Mucha gente, hasta saber sólo eso de la trama, estalla en exclamaciones sobre la absurdez de su premisa y las implicaciones pedofílicas y blah blah blah. Los gringos le tienen mucho miedo a la pedofilia, y lo han demostrado en otras manifestaciones. En lo personal me encanta ver un tema así en una película, siempre y cuando se lo trate con la sutileza y el buen gusto que requiere. Birth lo intenta de un modo muy rústico, adoptando para sí un tratamiento muy formalista y austero que coarta sus posibilidades de identificación emocional con el tremendo conflicto por el que pasa su protagonista. Y para peor, en varios momentos no es ni sutil ni acreedora de buen gusto. Hay escenas de fascinante riesgo y una satisfactoria restricción de dirección y actuación, arruinadas por una sobre-insistencia en la monodimensionalidad de sus personajes y en la sugerencia de la obvia y peligrosa tensión sexual entre Kidman y el niño. Nadie habla de nada más que no sea el conflicto central, nadie se expone como algo más que una maquinación del centro temático. Y aún así (esto ya puede corresponder a apreciaciones más personales), el desarrollo se me hizo interesante a pesar de sus falencias, asumo que más porque el conflicto se me hacía más familiar por experiencia propia que por empatía o identificación lacaniana.

Kidman lucha contra una fuerza implacable de la mente humana y un enemigo absoluto del progreso y la maduración: la persistencia.

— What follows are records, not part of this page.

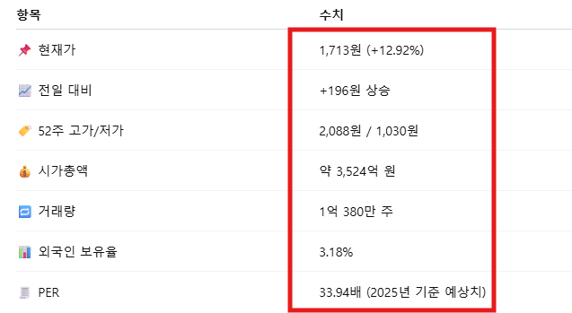 - 유통 주식 대비 회전율 급등 → 단기 주가 탄력 ↑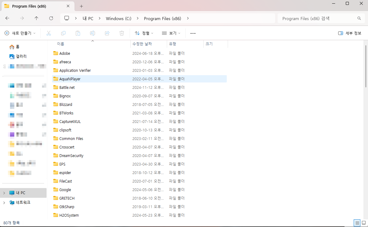 c 드라이브 -> program Files(x86) 으로 이동해서 아까 항목 2와 관련되어 있는 프로그램을 삭제해주시면 됩니다.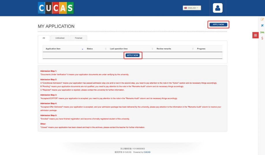 Click ‘Apply Now’ to enter the application list; The following is the application process tips: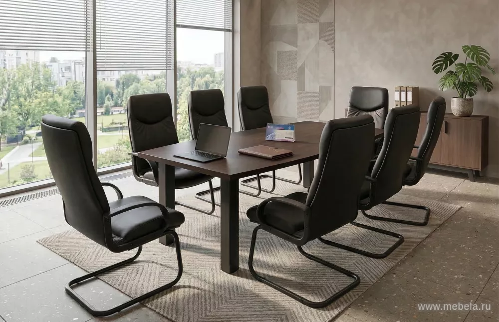 Столы для переговоров Фёст Венге одинаково хорошо подойдут для создания классического или современного открытого интерьера. Для этого в комплекте гарнитура есть мебель на глухих ДСП панелях-опорах или на металлизированных прямоугольных ножках. Прямоугольные или закругленные формы придадут офису желаемый стиль.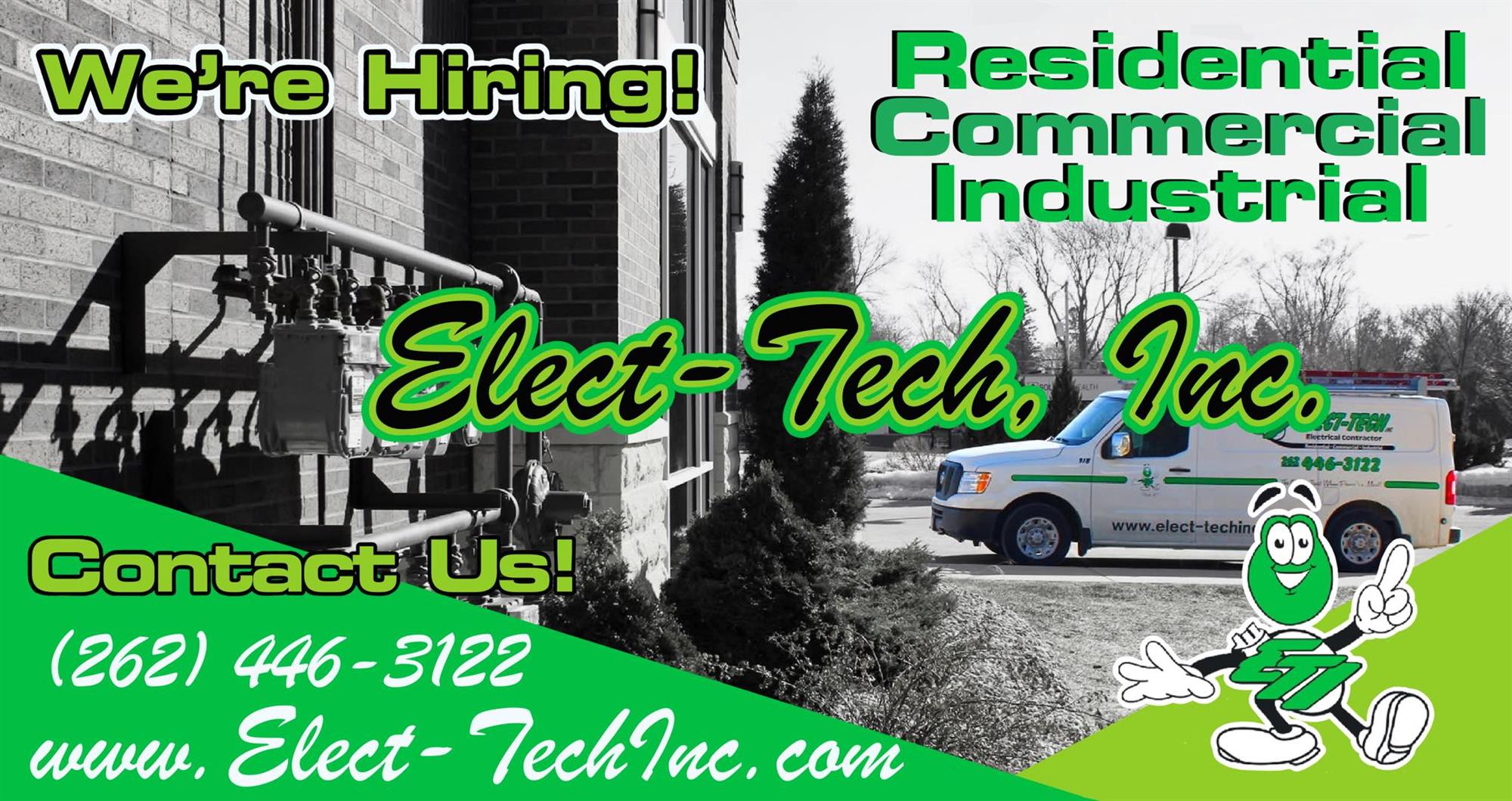 Elect-Tech, Inc. has been serving southeastern Wisconsin with quality electrical services since 2006. Our certified electricians are capable of handling residential, commercial and industrial electrical systems. After contacting us our office will call you to discuss your needs and arrange for one of our certified electricians to visit your property. You then will be provided a free estimate for the work needed.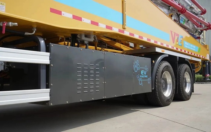 采用16度電池和600升油箱,配備車載發(fā)電機。泵送作業(yè)時,燃油智能補電;使用充電樁充電,電池充滿僅需1小時;家庭用電也可實現(xiàn)充電。告別用電焦慮,工作更安心。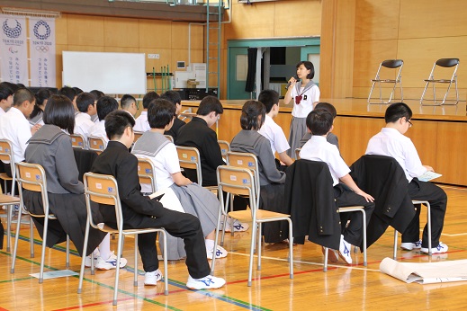 | 生徒会役員による開会宣言 | 議長団です。 | 生徒会から発表です。 |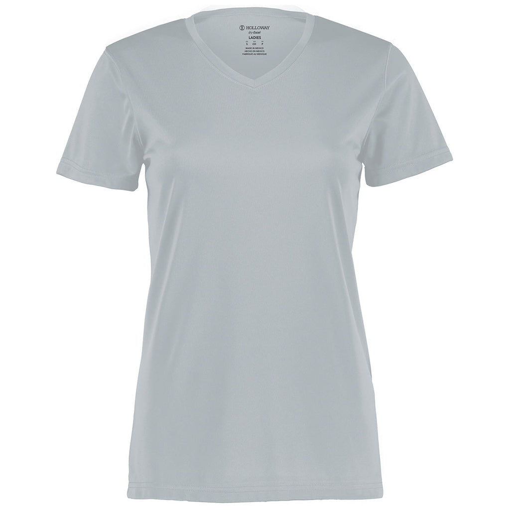 Custom screen print will pop on the Holloway Women's Silver Momentum Tee. This simple, straightforward tee is a must have as daily comfort wear that can be dressed up or down as needed. A basic tee is a wardrobe staple that can serve many purposes. Add a company logo to use as part of a uniform or a custom design to show affiliation with a group, club, or team. The feminine fitting tee is color secure, wicks moisture, and is odor resistant with V-neck collar and set-in sleeves. The possibilities are endless with this tee, so place your order right away.Corresponding Men's Style: Holloway Men's Silver Momentum Tee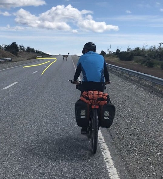 The first stage takes us to the next town: Tolhuin at more than 100 kilometers on Isla grande de Tierra del Fuego, or the main island of Fireland. A Portuguese explorer called it so because at the beginning of the 15th century he saw from his ship fires burning off the original inhabitants. Since the end of the 19th century, the archipel has been divided between Argentina and Chile. There are actually only three (real) towns on the Argentinian part of the main island, next to Ushuaia and Tolhuin you have Rio Grande. On the Chilean part you only have Porvenir, so in total only four towns in an area larger than the Netherlands. But we estimate that life can be quite tough here: cold, long winters and short wet summers and (almost) always that strong wind to storm from the west. We are not bothered by this in the direction of Tolhuin: the temperature is quite pleasant and Tolhuin is located northeast of Ushuaia, so the (today calm) westerly wind blows us in the right direction. The stage is quite nice, the mountains around us are not very high, but rough and beautiful with the remaining snow from last winter and the fresh snow from the last days. Every now and then we have to climb a bit, but we cycle to the top of the first pass, the Passo Garibaldi. Along the way we meet six cyclists, half cycles in the same direction. With only one we can talk for a while, on the one hand because he is parked at the pass and jovially approaches us, on the other hand because he speaks English well.

A muchos de nosotros nos gustaría decir que hemos superado un episodio en particular o una persona en especial, y quizá sea posible hacerlo. Quizá lo sea. Pero es casi hipócrita pensar que no nos duele el pensar en una realidad alternativa en que las cosas sí funcionaron, que no hubo un fin abrupto del momento exacto en que la felicidad se hizo posible; una realidad alterna donde no hubo muerte, no hubo separación forzada, no hubo escición voluntaria. Las cosas funcionaron. Y lo más doloroso aún, no es asumir la posibilidad de esa realidad alterna, sino que sus caminos se crucen con la realidad presente. Si llegara el momento en que se nos ofreciera el retomar desde donde quedamos, de retomar esa pasada felicidad auténtica que no es la felicidad que parcha la ausencia, que no parcha la pérdida como un permio de consuelo que es obligación tomar, ¿qué se hace? ¿Se lo niega? Un individuo "maduro" diría que sí. Pero siempre, siempre, en lo profundo de nuestra culpabilidad humana, existe el deseo de que la persistencia se haga realidad. El personaje de Kidman transitó por ese camino, y tuvo la esperanza de que ese niño, una amenaza de todo tipo para su figura moral y social, fuera la encarnación de su marido. El punto no es la pedofilia, el punto no es la pseudo-historia de amor ni lo ilegal y ni siquiera el conflicto moral; es la característica básica humana del recordar cuándo y cómo se fue feliz, y de cómo eso desapareció, y de cómo nos gustaría que volviera. Es la pregunta que se hace Kidman en ese largo primer plano cuando atiende al concierto junto a su futuro nuevo marido, con su rostro mostrando las más fascinantes inflexiones de tristeza, duda, terror, conciencia súbita y esperanza. Es la pregunta que, si bien la película no logra elaborar por completo, termina de gestarse dentro de la cabeza de quien logra desechar las fallas de concepción y ejecución del filme y se queda con el meollo, con la pregunta terrible. Y con ese terriblemente angustiante final.